When the phone rang again I expected it to be the call telling me that the load had arrived safely at its destination. But the voice at the other end sounded upset, despite the terseness of the message.
"Delivery lost."
"Lost?"
There was the pause of somebody being careful. "It attracted a bit of attention at a truck stop. Driver safe."
"Right."
This was bad news. There was a good load in that trailer. But it sounded like a bit of bad luck. It does happen sometimes. I know that as well as anyone. I didn't know my luck was about to get even worse.
Now I only had a few minutes to get to the hall, and I was already in a bad mood.
The hall? I suppose that sounds bit grand. Now you're thinking that Stones has got off with some rich bird who lives in a bloody great mansion somewhere. What a hypocrite, you think. Well, tough - you're wrong. Lisa is a tourist guide at Hardwick Hall. That's Bess of Hardwick's gaff, right on the border with Derbyshire. You'll no doubt have noticed its graceful Tudor turrets from the M1 on your way south between junctions 29 and 28? Li
ke hell you will. Like everyone else, all you'll have noticed is the bumper of the car in front and the signs telling you how far it is to the next service area.
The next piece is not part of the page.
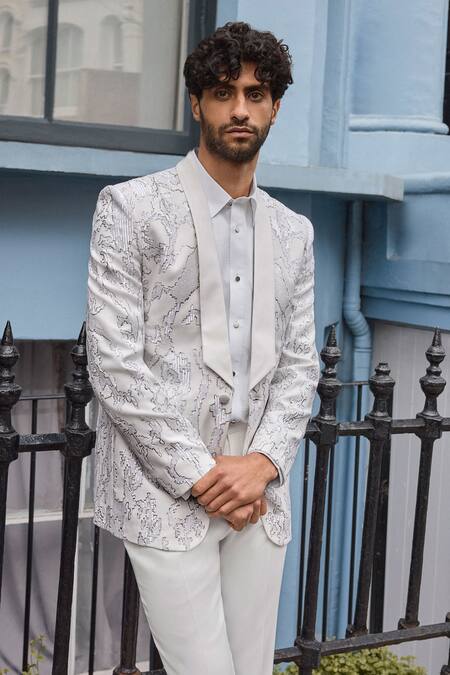Ivory tuxedo jacket featuring abstract embroidery in silver and ivory metal thread with a single-buttoned shawl satin lapel. Paired with a crisp white pintucked shirt and matching straight pant.

But take my word for it, it's there. In fact, there are two halls - the Elizabethan mansion built by the Countess of Shrewsbury (that's Bess's Sunday name), and next to it the ruins of an earlier effort.
Lisa has the shitty job of shepherding hordes of ignorant visitors about all day, answering bloody stupid questions. You wouldn't believe some of them. Most of these people don't know Bess of Hardwick from Tess of the d'Urbervilles. They've come because it's next on the list of places to visit on their tourist board kitchen calendars. Or maybe they got lost on the M1 at Heath and ended up somewhere real, not knowing quite how to handle it. When they arrive at Hardwick, they expect Shakespeare to have written Romeo and Juliet there or something. Lisa has to explain two thousand years of English history in thirty seconds, and do it fifty times a day. But then, she's good at it. She's good at a few other things as well, but I'm keeping those to myself for now.
Thoughts like these kept me warm while I drove the Subaru west through Meden Vale, Church Warsop and Warsop Vale to reach Shirebrook, a village that is all back streets, plus a one-way system that directs you away from the shopping centre, which is shut anyway. By the time I got to this gem in Nottinghamshire's crown I'd already passed four pits - Medensworth, Welbeck, Warsop and Shirebrook itself. But then I began to wind my way through some lanes towards Stony Houghton, and the pits might as well have been in a different country. I started to feel quite cheerful. Hardwick and Lisa were ahead, both of them nestling invitingly in a bit of parkland that was as far from the Forest Estate as you can get and still be within ten miles.
Getting to Hardwick Hall is a bit of a neat trick, though. The hall lies east of the M1, on the Nottinghamshire side. But to get there you have to go past it, cross the motorway at junction 29, then sneak back under again on a little side road. If it weren't for the little brown tourist signs at the junctions, you'd never find it, even though you can see the towers up there on the hillside.